I tried playing this on my Windows 7 box, and I couldn't hear it at all through various softwares, even with amplification. With ASIO output in foobar2000 I could just barely hear it at max volume with my DAC.


----------



## whyur (Sep 22, 2019)

I can clearly hear the difference on a T-420, and I am not an audiophile nor am I a computer/soft expert by any means. Not only it is better via an external DAC, but it is good enough via it's on-board chip: clearly an obvious superiority of the chip driver soft aside from the rest of them variables. The same hardware cries for an external DAC on Windows 7 or Linux. I have also tried KX Studio and AP Linux and I  keep coming back to FreeBSD. 
Classical music mostly with a modest hardware on the end side of it: either Sennheiser 600 or Vandersteen 2Ci speakers with a vintage Marantz in between.
Thank you very much, developers


----------



## rsronin (Sep 22, 2019)

I was drawn to FreeBSD because of OSS.


----------



## Alain De Vos (Sep 22, 2019)

Has anyone experiences with using jack in freebsd ?.  Should i compile audio ports with option resampling on or off ?


----------



## zirias@ (Sep 22, 2019)

When doing some C64 SID music, I observed for quite some time it sounds much better in VICE 3.3 on FreeBSD 12 than it does in VICE 3.3 on Windows 10. But then, I use them on different machines, so I assumed it might be the machines themselves or maybe differences in the VICE ports. It never occured to me that the OS might actually have an influence itself 

What I can say for sure is: sound on FreeBSD is much better than on Linux, just for technical aspects. A clean OSS interface is much nicer than that ALSA and pulseaudio hell ...


----------



## dieselriot (Sep 24, 2019)

I also favor OSS. I use my FreeBSD box for running DAWs, mostly FL Studio. The Included FL ASIO audio plugin works amazingly well, no need for JACK. By increasing the buffer size a bit I can run high-end plugins on an underpowered laptop at ~60% CPU usage. I'm pretty sure they choked a lot in Linux.
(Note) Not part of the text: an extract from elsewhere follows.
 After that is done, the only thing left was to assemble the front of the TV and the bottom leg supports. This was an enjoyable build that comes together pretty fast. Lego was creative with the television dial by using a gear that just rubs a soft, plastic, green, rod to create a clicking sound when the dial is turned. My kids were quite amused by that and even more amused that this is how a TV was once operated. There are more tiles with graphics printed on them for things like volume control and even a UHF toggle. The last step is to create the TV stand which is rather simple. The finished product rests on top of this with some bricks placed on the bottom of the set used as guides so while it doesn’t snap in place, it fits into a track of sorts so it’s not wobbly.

Also, there's native support for equalization, whereas in other systems you have to do a lot of shit to get it working proper. The bass and treble controls even show up on audio/wmsmixer with the correct icons:







And then there's the before mentioned sysctl tweak `hw.snd.vpc_0db`, which acts pretty much like a built-in pre-amp.
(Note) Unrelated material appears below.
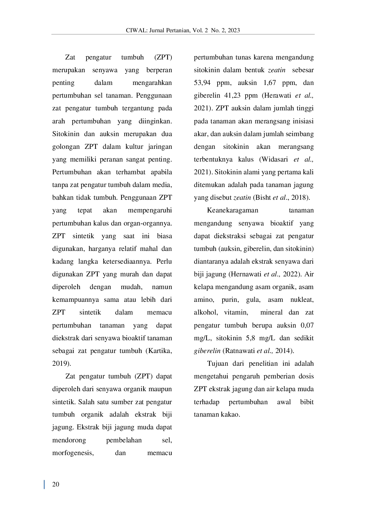 CIWAL: Jurnal PertanianCIWAL: Jurnal PertanianPenelitian ini bertujuan untuk mengetahui pengaruh pemberian dosis zat pengatur tumbuh (ZPT) alami ekstrak jagung dan air kelapa muda terhadap pertumbuhan awal bibit bibit tanaman kakao. Penelitian ini telah dilaksanakan pada bulan Mei sampai bulan Juli 2023 di Hombel Ruteng, Kecamatan Langke Rembong, Kabupaten Manggarai. Penelitian ini menggunakan Rancanagn Acak Kelompok (RAK) dengan 4 ulangan perlakuan yang dicobakan adalah dosis ZPT alami ekstrak jagung dan air kelapa muda terdiri dari 6 perlakuan yaitu: tanpa perlakuan (P0), dosis 40 mL/Polibag (P1), dosis 60 mL/Polibag (P2), dosis 100 mL/Polibag (P3), dosis 150 mL/Polibag (P4), dosis 200 mL/Polibag (P5), terdapat 24 unit percobaan sehingga pada unit penelitian ini memiliki 24 polibag sebagai media tanam. Parameter yang diamati adalah jumlah daun, diameter batang, panjang daun, dan bobot basah. Hasil penelitian pada perlakuan (P5) berpengaruh nyata terhadap jumlah daun (7.00 helai), panjang daun (9.05 cm), diameter batang (0.20 mm) dan bobot basah bibit tanaman kakao (4.00 g).

It's because of things like these or moused() that I haven't booted into my Linux partition in months.


----------



## sand_man (Sep 24, 2019)

dieselriot said:


> I also favor OSS. I use my FreeBSD box for running DAWs, mostly FL Studio. The Included FL ASIO audio plugin works amazingly well, no need for JACK. By increasing the buffer size a bit I can run high-end plugins on an underpowered laptop at ~60% CPU usage. I'm pretty sure they choked a lot in Linux.


Are you running the Linux version of FL Studio in FreeBSD?


----------



## dieselriot (Sep 24, 2019)

sand_man No, I'm running the windoze version through Wine. But it works so well that it feels like I'm running a native FreeBSD application. The interface is, AFAIC, 100% delayless. Even like 95% of the VST plugins I've tested work.


----------



## recluce (Sep 24, 2019)

I moved a HTPC from Ubuntu to FreeBSD, due to never-ending issues with Pulse Audio. AC-3 / DTS Passthrough broke with every other update and there were enormous audio lags on a low-powered NUC. The issues went so far that some audio tracks showed wow (low-speed flutter) like bad quality cassette players of ages past - likely due to the Linux kernel experiencing various levels of lag and trying to "catch up" if the lag became to big.

With FreeBSD, audio simply worked out of the box, without any of the issues above. Using OSS and SNDIO, but no Pulse.


----------



## tedbell (Sep 24, 2019)

This is why I switched to FreeBSD in the first place. Native OSS and "bitperfect" mode. My vinyl rips sound great!


----------



## sidetone (Sep 24, 2019)

tedbell said:


> This is why I switched to FreeBSD in the first place. Native OSS and "bitperfect" mode. My vinyl rips sound great!


Rip your vinyl records in flac24 and play that on OSS, not sndio. That lossless form will play a fuller spectrum and higher bitrate of sound from the computer than CD quality. It requires a 24 bit capable sound card/processor to hear the benefits of those sound files. Maybe you have done this already. Flac16 is CD quality. The last time I looked, sndio didn't have 24 bit sound on FreeBSD.


----------



## tedbell (Sep 24, 2019)

sidetone said:


> Rip your vinyl records in flac24 and play that on OSS, not sndio. That lossless form will play a fuller spectrum and higher bitrate of sound from the computer than CD quality. It requires a 24 bit capable sound card/processor to hear the benefits of those sound files. Maybe you have done this already. Flac16 is CD quality. The last time I looked, sndio didn't have 24 bit sound on FreeBSD.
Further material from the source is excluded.